そして「ターボル」から「ブラニーク」へ。
この記事の冒頭に書いたのは特にここのことなんです。好きだとか嫌いだとか上手いだとか下手だとかそういう次元と違うものが胸に響いてきた演奏だった。ブラニークの終盤、ホルンの先導から「汝ら、神の戦士ら」のコラールへ。ここの強奏、実は演奏が熱過ぎて私の座ったRA席からはほとんど主旋律がわからなかったのですよ(旋律を知っていたから追えましたけど)。でもそんなの全く無問題、と思わせられるものがあったんです。そして最後に輝かしくヴィシェフラドの主題が現れたときには涙が出そうになりました。スメタナが心で見ていた風景が見えた気がして。スメタナは初演のときにはもう耳が聴こえなかったのだとか。でもきっと彼の心はこの風景を見ていたに違いない、と確信をもって感じることができました。正直初演の演奏はここまで爆演ではなかったろうと思うのですが笑、スメタナの心が見ていたであろう風景とチェコの民族の魂と誇りを感じさせてくれた、今夜の演奏だったんです。愛国心って本当はこんなにも温かくいいものなんだな、と感じさせてくれたチェコフィルの『わが祖国』でした。
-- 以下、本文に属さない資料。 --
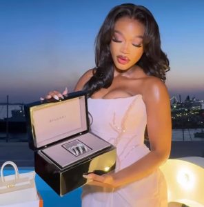 Prior to attending her birthday celebration, she showcased the high-end gifts she received for the occasion. According to Diana, she was given her first Birkin designer handbag, valued at N47m, as a birthday gift. Additionally, she received a diamond Bvlgari timepiece and several other lavish items.

【ドヴォルザーク:スラ舞曲第二集第八番(アンコール)】
アルトリヒテルから、このオケの首席指揮者・音楽監督であり、この5月に亡くなられたビエロフラーヴェクへの追悼の言葉の後に。
聴きながら、音楽による繋がりっていいな…と心の底から感じました。同じ感想をネットに書かれている方がいらっしゃったので、そう感じた人は多かったのではないでしょうか。
アルトリヒテルがビエロフラーヴェクに最後に会ったときにこの第8番の話をしたそうで、そういう理由でこの曲が今回のアンコールに選ばれたそうです(その経緯の書かれた山口公演のロビーの掲示板の写真をツイに上げてくださっている方がいました)。アルトリヒテルと団員の方達のビエロフラーヴェクへの想いの込められた、温かいアンコールだったなあ。ビエロフラーヴェクに特別な思い入れのある人、彼の公演から特別な感動をもらったことのある人は、涙を禁じ得なかったのではないかと思う。私でさえ泣きそうになったもの。私の場合は、先程も書いたけれど「音楽による人と人の繋がりって本当に美しいものだなあ」ということが、しみじみと感じられたからです。そして人間の美しさも。
「私たちの心の中は美しい音楽で満たされています。心を開いてこの美しい音楽を皆様と共に楽しむことは、私たちにとってこの上ない喜びであり、また、大変有り難いことでもあります。」
このチェコフィルからのメッセージ(全文を下に載せておきます)は帰りの電車の中で初めて読んだのですが、まさにこの言葉のままの、彼らとビエロフラーヴェクとの心の繋がり、そして彼らが心を開いて私達聴衆と音楽の美しさを共有したいと思ってくれていることが伝わってきた、温かく、そして切ない、そんなアンコールでした。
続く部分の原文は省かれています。